I had been rereading those letters my mother wrote to Aunt Anne. In one of them, she named a list of the blessings she dreamed of for her eighth grandchild, about to be born. I would read it again later, many times: “May this child, while still a nursling, hear the serenade of a mockingbird through an open window in the still of a moonlit night….May this child, still discovering, gaze into a nest of robins while the baby birds emerge from their shells in the branches below the veranda rail….May there be marching bands and a father who whistles, and some old dear man who whittles and a lady who invites flower-picking in her gardens, and a secret hideaway, and hours of jackstones with a little rubber ball, and the discovery of the endless skein of rubber inside an old golf ball….Most of all, may the child grow to maturity surrounded by family and friends, conscious of God everywhere and in everything, and welcoming the magic that gleams beyond reality in fleeting moments.”
I w
atched the light and shadows shifting as the sun moved into the afternoon.

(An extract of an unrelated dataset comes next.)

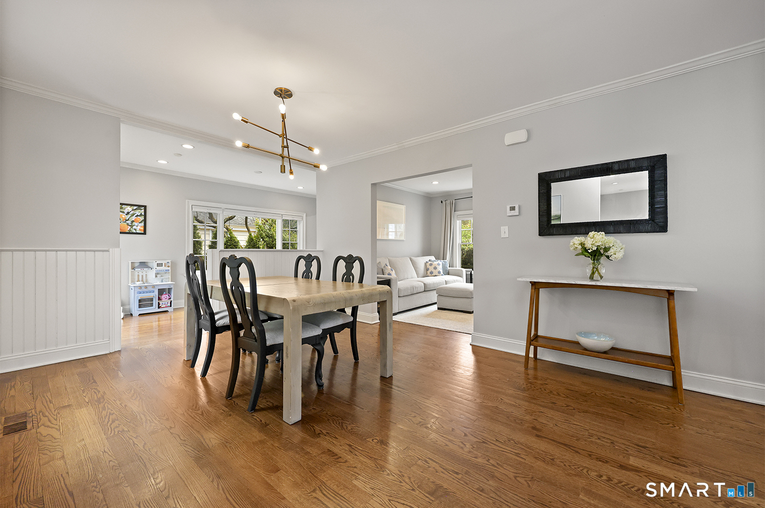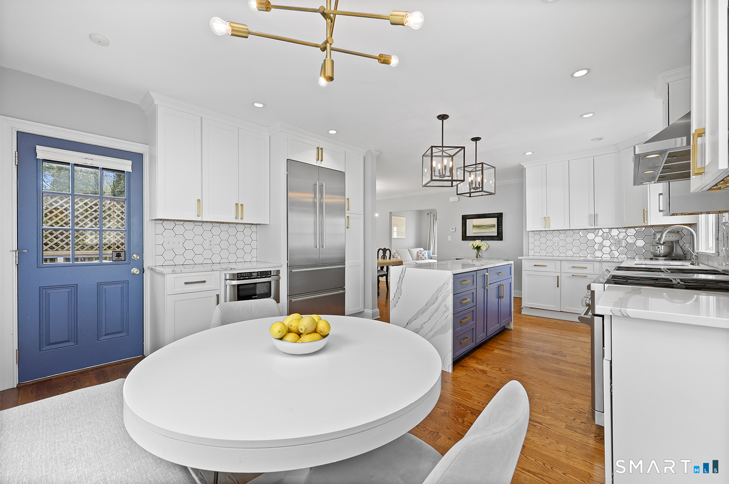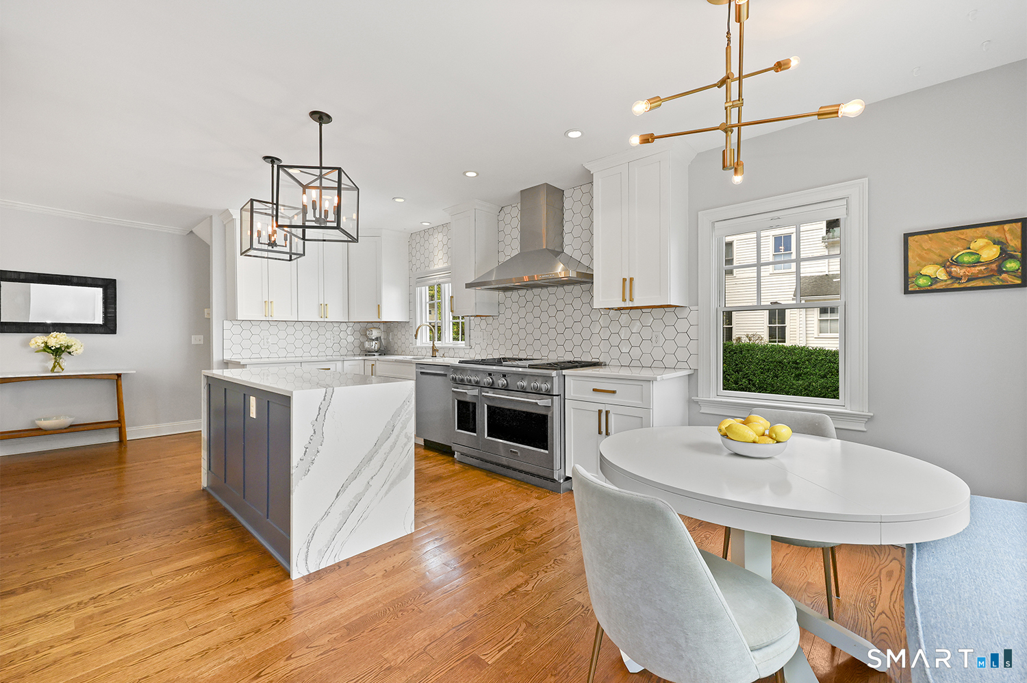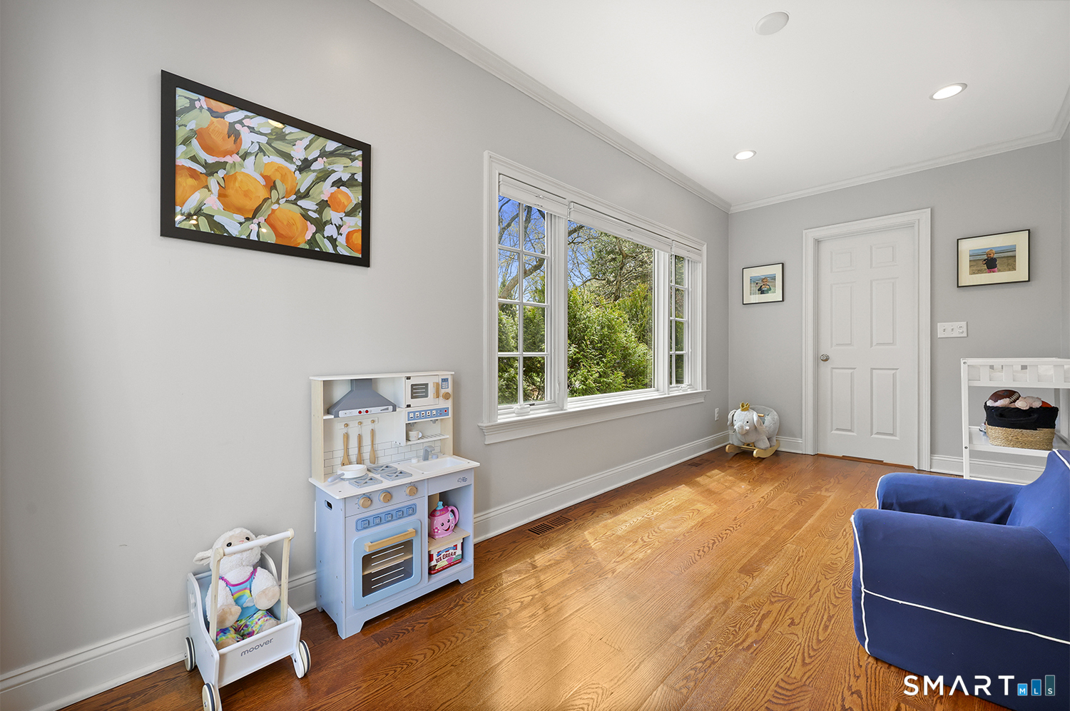 This sweet home is located on a desirable, convenient street nestled between Southport and Greenfield Hill. Enjoy an open first floor with a chef's kitchen featuring premium stainless-steel appliances, a waterfall quartz countertop, and a spacious eat-in area. A separate den/flex space behind a half wall provides a perfect spot for work or play, distinct from the living area. The first floor also includes a large dining area, cozy seating, and a gas fireplace. Two access points lead to an expansive deck and patio, ideal for outdoor entertaining. Upstairs, there are four bedrooms (one without a closet, so the tax card lists it as a three-bed), all with hardwood floors. The primary bedroom boasts a vaulted ceiling, a large picture window, a walk-in closet with custom built-ins, and a spa-like bath with a whirlpool tub and separate shower. The other bedrooms share an updated full bath. The finished third level offers versatile space for a workout room or office. The lower level houses the laundry and ample storage. An unfinished area above the two-car garage could become an art studio or guest suite. The private, level yard includes an irrigation system and a peaceful brook behind the fence. Conveniently located near shopping, schools, and commuting routes. Great walking options including an arboretum steps away. New assessment/taxes not reflected until July 2026.

I felt the river of my mother’s life—how much she had seen, and felt, and loved, and lost. I felt how much of her life had been invisible to me, lived behind the screen of my projections onto my ideas of Mom. I felt—still alive inside her—the little girl who had turned cartwheels on a beach; the radiant young woman who had fallen in love with my father; the mother of seven with a shattered hip and a husband in Vietnam; the mystic grandmother who had sat crocheting in her rocking chair, watching the squirrels in the oak tree out the window, seeing God in everything.
As the light slowly changed, my sister and I sat beside her and listened to her breathe. I felt her spirit. I felt my deep kinship with her—how I came out of her body. How I shared so much with her: bowed legs and big green eyes, warm smiles and dark worries at midnight, an inability to have a conversation with a television on in the background. She had loved me, hurt me, taken care of me, let me down—all the things that I knew I had done and would do to my loved ones as well.
And I made her a promise in silence: Mom. I promise that the very best of who you are will live on through me. I will carry it out into the world as your ripple, as best as I can. And I will let go of the rest.
She breathed out. She breathed in, with a gasp—and then didn’t breathe out again.
The pause went on and on. I opened my eyes and looked at my sister. The home care attendant, sitting quietly in the corner, got up and closed my mother’s mouth. She said, “Get your father.”